**THE TASK:**
Go to the line with "Amsale Bridesmaid Dress" in the records below, then output it and each following line exactly, up to and including the line with "Wear Saree | |". Skip pictures and add nothing.

[[ TASK INPUT, beginning ]]

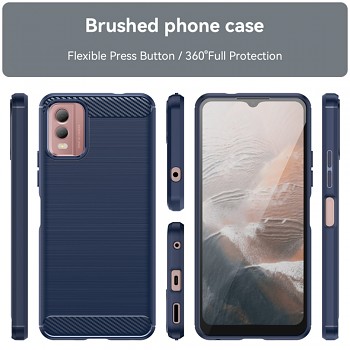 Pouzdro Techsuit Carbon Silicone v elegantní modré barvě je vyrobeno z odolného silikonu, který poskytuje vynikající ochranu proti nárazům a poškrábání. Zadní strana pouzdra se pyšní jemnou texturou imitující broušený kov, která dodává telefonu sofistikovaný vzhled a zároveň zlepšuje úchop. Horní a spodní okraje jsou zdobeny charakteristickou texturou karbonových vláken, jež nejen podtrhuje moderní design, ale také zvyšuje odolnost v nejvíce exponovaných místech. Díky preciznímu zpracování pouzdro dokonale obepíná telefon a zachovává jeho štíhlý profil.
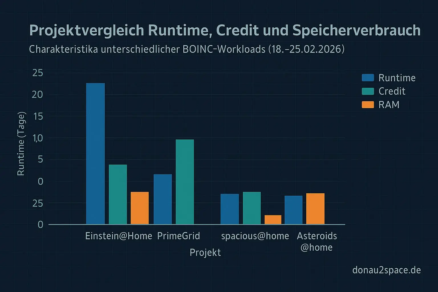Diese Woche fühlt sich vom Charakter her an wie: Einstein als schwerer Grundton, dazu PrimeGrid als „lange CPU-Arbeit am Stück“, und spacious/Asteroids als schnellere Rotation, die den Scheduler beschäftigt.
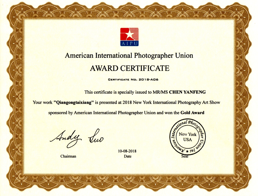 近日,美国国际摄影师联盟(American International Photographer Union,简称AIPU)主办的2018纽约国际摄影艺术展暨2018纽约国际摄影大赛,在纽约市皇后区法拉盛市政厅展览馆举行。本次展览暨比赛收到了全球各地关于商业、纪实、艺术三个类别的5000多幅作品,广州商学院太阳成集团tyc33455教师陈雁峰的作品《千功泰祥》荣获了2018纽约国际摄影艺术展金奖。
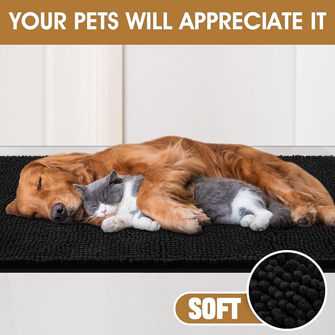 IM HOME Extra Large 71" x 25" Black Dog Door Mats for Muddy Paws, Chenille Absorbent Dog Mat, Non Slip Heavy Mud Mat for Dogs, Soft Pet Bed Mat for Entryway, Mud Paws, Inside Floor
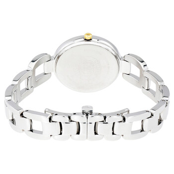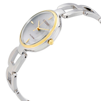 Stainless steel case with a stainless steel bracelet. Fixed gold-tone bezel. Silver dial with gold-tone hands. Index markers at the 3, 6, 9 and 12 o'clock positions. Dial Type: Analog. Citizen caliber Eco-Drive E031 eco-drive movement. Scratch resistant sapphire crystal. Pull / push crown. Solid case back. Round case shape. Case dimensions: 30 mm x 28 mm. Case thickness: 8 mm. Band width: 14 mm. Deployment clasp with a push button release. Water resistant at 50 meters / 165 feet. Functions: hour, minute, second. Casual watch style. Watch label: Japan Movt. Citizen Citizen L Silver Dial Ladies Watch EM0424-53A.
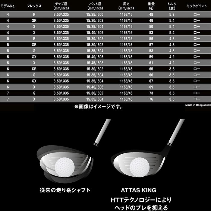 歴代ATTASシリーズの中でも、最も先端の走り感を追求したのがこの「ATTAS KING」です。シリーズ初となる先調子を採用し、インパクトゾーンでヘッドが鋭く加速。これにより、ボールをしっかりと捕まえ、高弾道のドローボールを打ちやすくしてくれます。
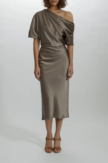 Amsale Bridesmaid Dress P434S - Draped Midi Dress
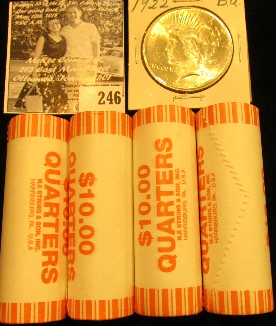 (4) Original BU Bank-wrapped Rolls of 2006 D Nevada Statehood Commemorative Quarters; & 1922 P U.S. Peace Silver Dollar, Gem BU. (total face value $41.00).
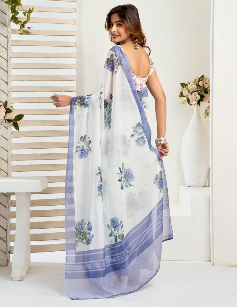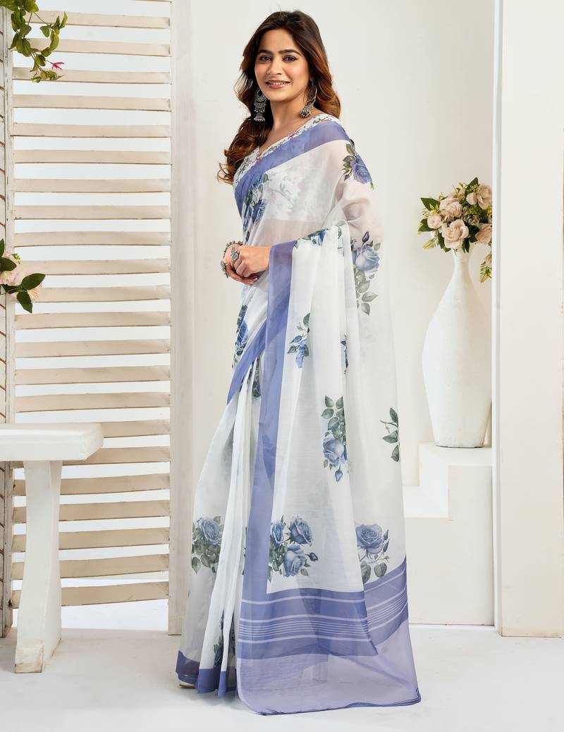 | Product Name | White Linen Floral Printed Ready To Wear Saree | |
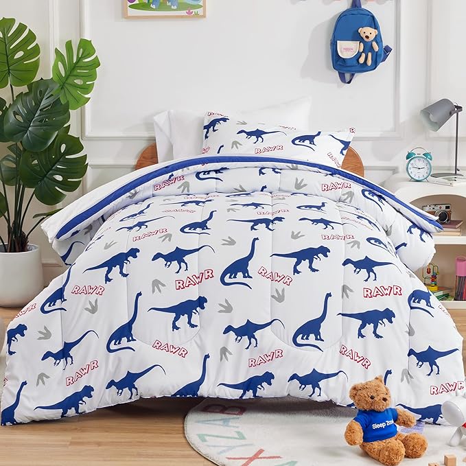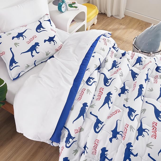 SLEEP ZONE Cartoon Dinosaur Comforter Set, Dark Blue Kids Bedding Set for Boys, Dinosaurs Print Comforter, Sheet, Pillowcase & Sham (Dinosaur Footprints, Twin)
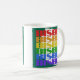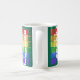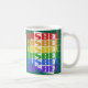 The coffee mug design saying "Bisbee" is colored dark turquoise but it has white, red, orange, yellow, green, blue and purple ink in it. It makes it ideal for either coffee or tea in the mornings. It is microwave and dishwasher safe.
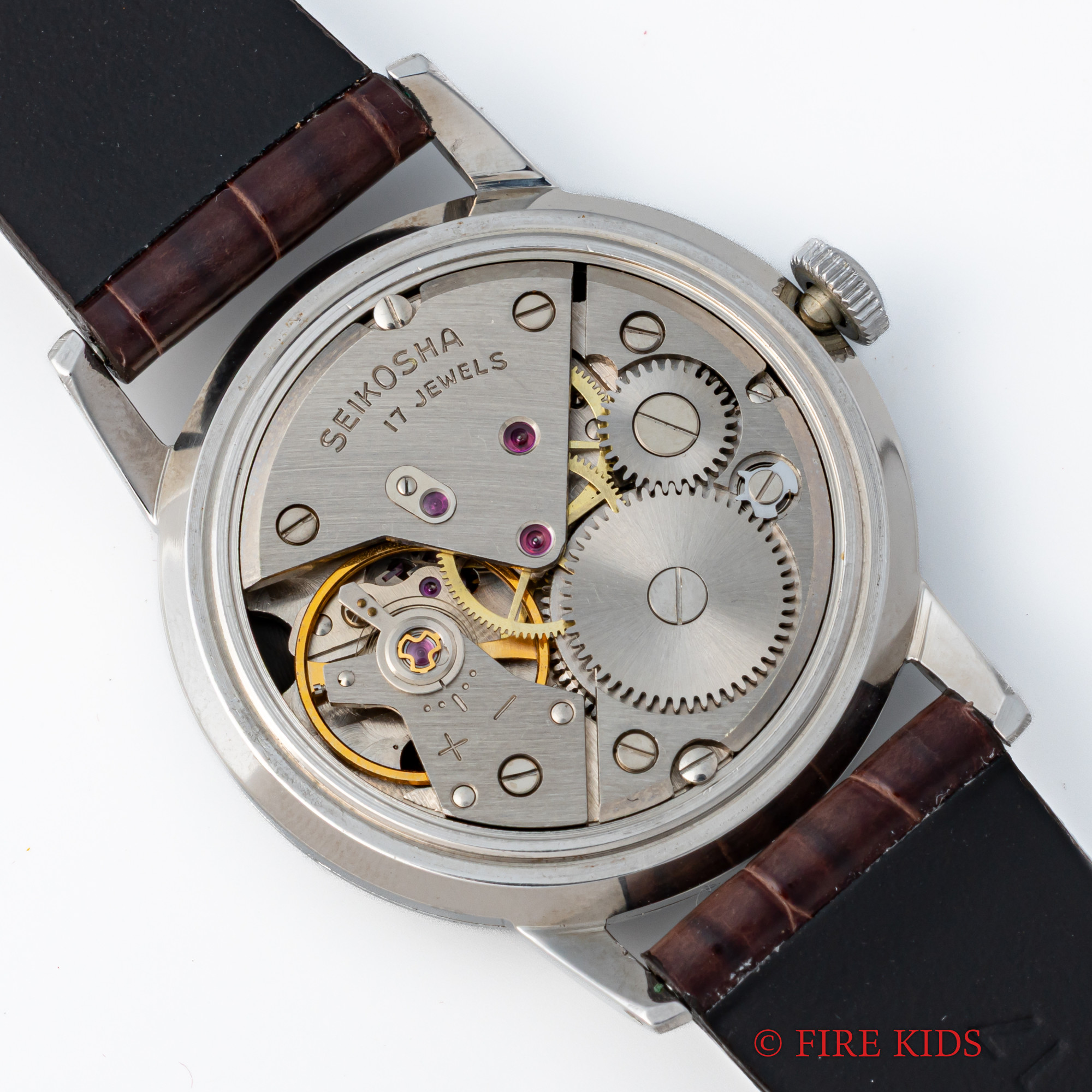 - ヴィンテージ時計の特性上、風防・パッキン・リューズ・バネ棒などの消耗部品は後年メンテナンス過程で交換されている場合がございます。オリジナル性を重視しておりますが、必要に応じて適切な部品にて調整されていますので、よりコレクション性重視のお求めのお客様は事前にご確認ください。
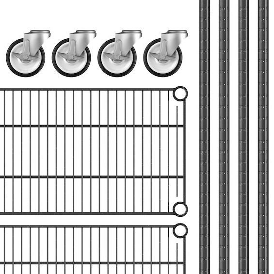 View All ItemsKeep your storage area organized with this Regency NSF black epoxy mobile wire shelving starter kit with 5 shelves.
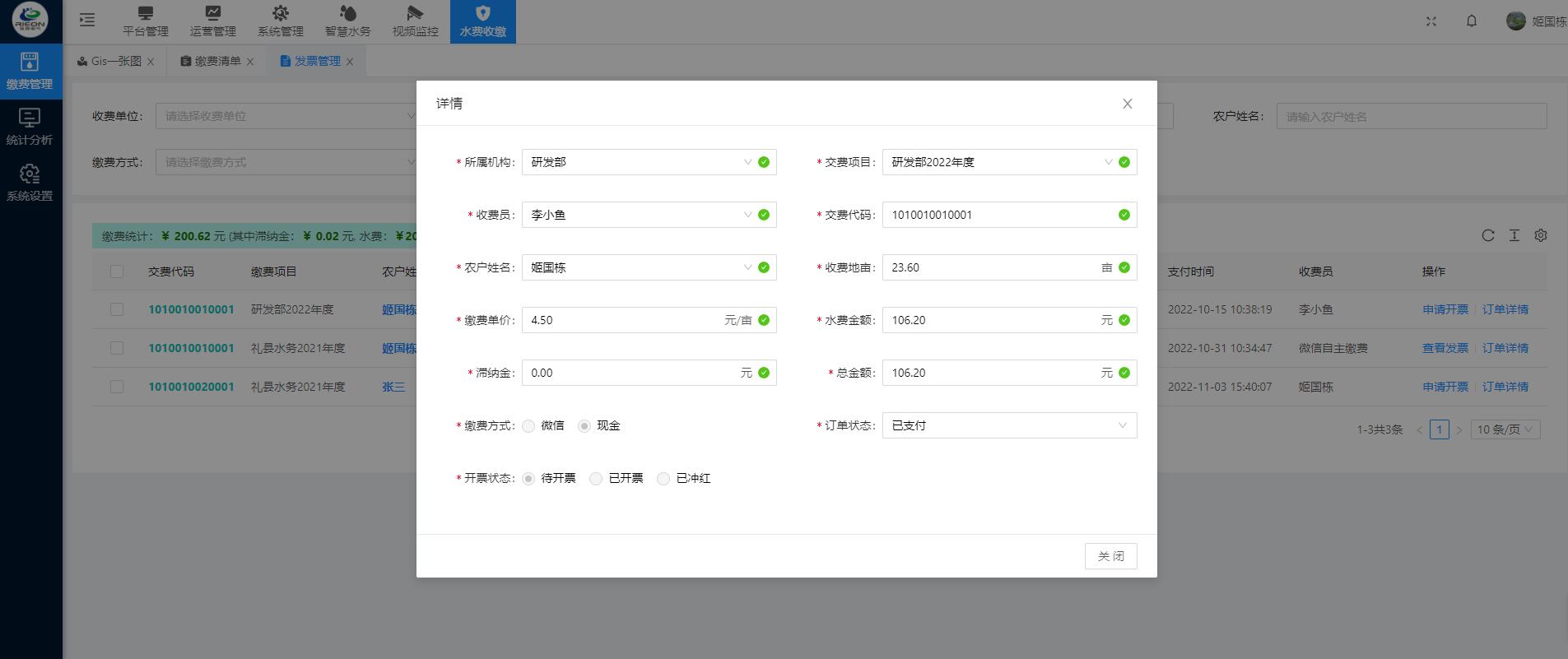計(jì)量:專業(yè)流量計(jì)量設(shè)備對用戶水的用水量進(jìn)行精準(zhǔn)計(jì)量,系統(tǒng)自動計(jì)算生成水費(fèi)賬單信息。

[[ TASK INPUT, end ]]
[[ TASK INPUT, beginning ]]

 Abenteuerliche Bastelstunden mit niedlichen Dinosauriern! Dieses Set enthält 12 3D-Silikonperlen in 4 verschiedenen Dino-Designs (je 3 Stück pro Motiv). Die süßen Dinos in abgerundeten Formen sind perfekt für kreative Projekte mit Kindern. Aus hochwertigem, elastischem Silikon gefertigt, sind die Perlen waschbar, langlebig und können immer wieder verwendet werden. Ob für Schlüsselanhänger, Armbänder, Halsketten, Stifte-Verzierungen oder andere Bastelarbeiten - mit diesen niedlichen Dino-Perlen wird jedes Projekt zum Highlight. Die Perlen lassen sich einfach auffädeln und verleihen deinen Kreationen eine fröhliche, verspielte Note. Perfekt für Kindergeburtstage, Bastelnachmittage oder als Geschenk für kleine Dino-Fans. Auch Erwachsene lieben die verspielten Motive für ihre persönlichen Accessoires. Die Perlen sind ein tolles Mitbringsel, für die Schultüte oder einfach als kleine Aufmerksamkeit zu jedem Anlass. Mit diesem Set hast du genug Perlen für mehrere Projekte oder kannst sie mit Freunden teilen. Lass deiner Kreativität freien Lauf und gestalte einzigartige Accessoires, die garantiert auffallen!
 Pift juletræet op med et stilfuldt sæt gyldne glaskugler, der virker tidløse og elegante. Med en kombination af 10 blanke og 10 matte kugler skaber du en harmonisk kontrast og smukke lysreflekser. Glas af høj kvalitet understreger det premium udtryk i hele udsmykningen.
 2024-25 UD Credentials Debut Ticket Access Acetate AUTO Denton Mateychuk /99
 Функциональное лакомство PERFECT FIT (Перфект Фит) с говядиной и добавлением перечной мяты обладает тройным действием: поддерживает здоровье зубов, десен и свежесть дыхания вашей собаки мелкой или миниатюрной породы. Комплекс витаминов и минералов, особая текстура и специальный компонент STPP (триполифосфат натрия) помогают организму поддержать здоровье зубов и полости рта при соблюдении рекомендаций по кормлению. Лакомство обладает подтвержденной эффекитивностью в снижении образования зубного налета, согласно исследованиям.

[[ TASK INPUT, end ]]

**SOLUTION BELOW:**
 Amsale Bridesmaid Dress P434S - Draped Midi Dress
 (4) Original BU Bank-wrapped Rolls of 2006 D Nevada Statehood Commemorative Quarters; & 1922 P U.S. Peace Silver Dollar, Gem BU. (total face value $41.00).
 | Product Name | White Linen Floral Printed Ready To Wear Saree | |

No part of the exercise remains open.